Nathaniel Williams

I am from the USA, where I have spent most of my life active as an artist.  I am currently working and studying at the University of Albany in New York, pursuing an interest in the intersection of aesthetics and political culture in a doctoral program.

I have been familiar with anthroposophic meditation since I attended art school when I was 19 and I continue to be intrigued by it years later.  One unique facet of this school of practice is that it aims at being a path of understanding and insight.  Today, in the philosophy of science, there is a general recognition that what anyone doing research can perceive is connected to the methods and practices they employ while conducting an exploration.  In anthroposophic meditation this is not only theoretically acknowledged but we find individuals working together with new research practices and claiming new perceptions related to human physiology, plant life, history, and applying them to their fields in art, education, medicine, etc…  This I find extremely significant, and as is obvious, not only for personal health and well-being.

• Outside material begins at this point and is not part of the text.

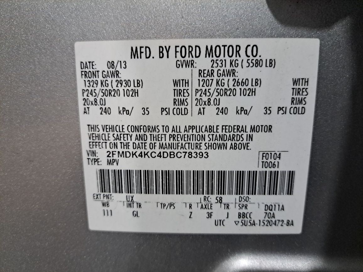 - VIN #: 2FMDK4KC4DBC78393

I will be facilitating a panel on meditation and science with Ursula Flatters and Terje Sparby.  Terje Sparby has been working within a field that has evolved over the last few decades known as contemplative neuroscience.  It involves highly disciplined descriptions of meditative experience parallel to observations of the body.  Terje was a research fellow at the Mind and Life Institute, an international hub for this area of work, and he has since continued as a researcher in Germany, recently focusing particularly on anthroposophic meditation.  Ursula Flatters has pursued a career working in anthroposophic medicine.  A unique view of the relation between the mind and body, primarily due to the way the body is observed, opens up for individuals working in medicine from anthroposophic perspectives.  As far as I know this view is not taken into account in any research on contemplative neuroscience so this will be new, or in a series of firsts.